A matricellular protein and EGF-like repeat signalling in the social 
amoebozoan Dictyostelium discoideum

Robert J. Huber and Danton H. O’Day

Department of Cell and Systems Biology, University of Toronto, 
25 Harbord Street, Toronto, ON, Canada M5S 3G5
Department of Biology, University of Toronto Mississauga, 3359 
Mississauga Road North, Mississauga, ON, Canada L5L 1C6


Cellular and Molecular Life Sciences, In press

Matricellular proteins interact with the extracellular matrix (ECM) and 
modulate cellular processes by binding to cell surface receptors and 
initiating intracellular signal transduction. Their association with the 
ECM and the ability of some members of this protein family to regulate 
cell motility have opened up new avenues of research to investigate 
their functions in normal and diseased cells. In this review, we 
summarize the research on CyrA, an ECM calmodulin-binding protein 
in Dictyostelium. CyrA is proteolytically cleaved into smaller EGF-like 
(EGFL) repeat-containing cleavage products during development. 
The first EGFL repeat of CyrA binds to the cell surface and activates 
a novel signalling pathway that modulates cell motility in this model 
organism. The similarity of CyrA to the most well characterized 
matricellular proteins in mammals allows it to be designated as 
the first matricellular protein identified in Dictyostelium. 


Submitted by Robert Huber [[log in to unmask]]
--------------------------------------------------------------------------------------


On-Chip Open Microfluidic Devices for Chemotaxis Studies. 

Gus A. Wright, Lino Costa, Alexander Terekhov, Dawit Jowhar, 
William Hofmeister, and Christopher Janetopoulos. 


Microscopy and Microanalysis, in press

Microfluidic devices can provide unique control over both the 
chemoattractant gradient and the migration environment of the 
cells. Our work incorporates laser-machined micro and nanofluidic 
channels into bulk fused silica and cover slip-sized silica wafers. 
We have designed “open” chemotaxis devices that produce 
passive chemoattractant gradients without an external micropipette 
system.  Since the migration area is unobstructed, cells can be 
easily loaded and strategically placed into the devices with a 
standard micropipette. The reusable monolithic glass devices have 
integral ports that can generate multiple gradients in a single 
experiment. We also used cover slip microfluidics for chemotaxis 
assays. Passive gradients elicited from these cover slips could be 
readily adapted for high throughput chemotaxis assays. We have 
also demonstrated for the first time that cells can be recruited into 
cover slip ports eliciting passive chemoattractant gradients. This 
proves, in principle, that intravital cover slip configurations could 
deliver controlled amounts of drugs, chemicals or pathogens as well 
as recruit cells for proteomic or histological analysis in living animals 
while under microscopic observation. Intravital cover slip fluidics will 
create a new paradigm for in vivo observation of biological processes.

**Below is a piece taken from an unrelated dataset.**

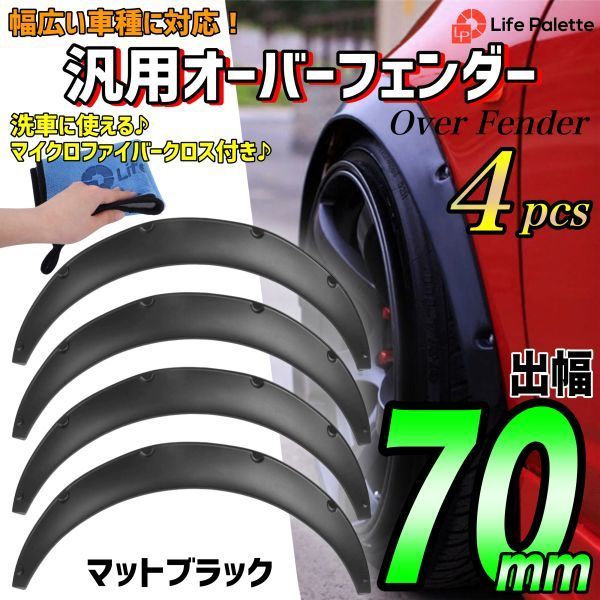 > 洗車タオル付 汎用 出幅 70mm オーバーフェンダー 4枚 カプチーノ EA21R EA11R ジムニー JB23W JA12V JA22W JA11V ハイエース シルビア 黒

Submitted by Gus Wright [[log in to unmask]]
--------------------------------------------------------------------------------------


SCAR knockouts in Dictyostelium:  WASP assumes SCAR’s functions 
and upstream regulators.

Douwe M. Veltman, Jason S. King, Laura M. Machesky and 
Robert H. Insall*


J. Cell Biology, in press

The Arp2/3 complex activator SCAR/WAVE controls actin polymerization 
in pseudopods, while WASP assembles actin at clathrin coated pits.  
Unexpectedly, Dictyostelium SCAR knockouts can still spread, migrate 
and chemotax using pseudopods driven by the Arp2/3 complex. In the
absence of SCAR, some WASP relocates from the coated pits to the 
leading edge, where it behaves with similar dynamics to normal SCAR, 
forming split pseudopods and travelling waves. Pseudopods colocalize 
with active Rac, whether driven by WASP or SCAR, though Rac is 
activated to a higher level in SCAR mutants.  Members of the SCAR 
regulatory complex like PIR121 are not required for WASP regulation.  
We thus show that WASP is unexpectedly able to respond to all core 
upstream signals, and regulators that couple through the other members 
of SCAR’s regulatory complex are not essential for pseudopod formation.  
We conclude that WASP and SCAR can regulate pseudopod actin using 
similar mechanisms.


Submitted by Robert Insall [[log in to unmask]]]
==============================================================
[End dictyNews, volume 38, number 15]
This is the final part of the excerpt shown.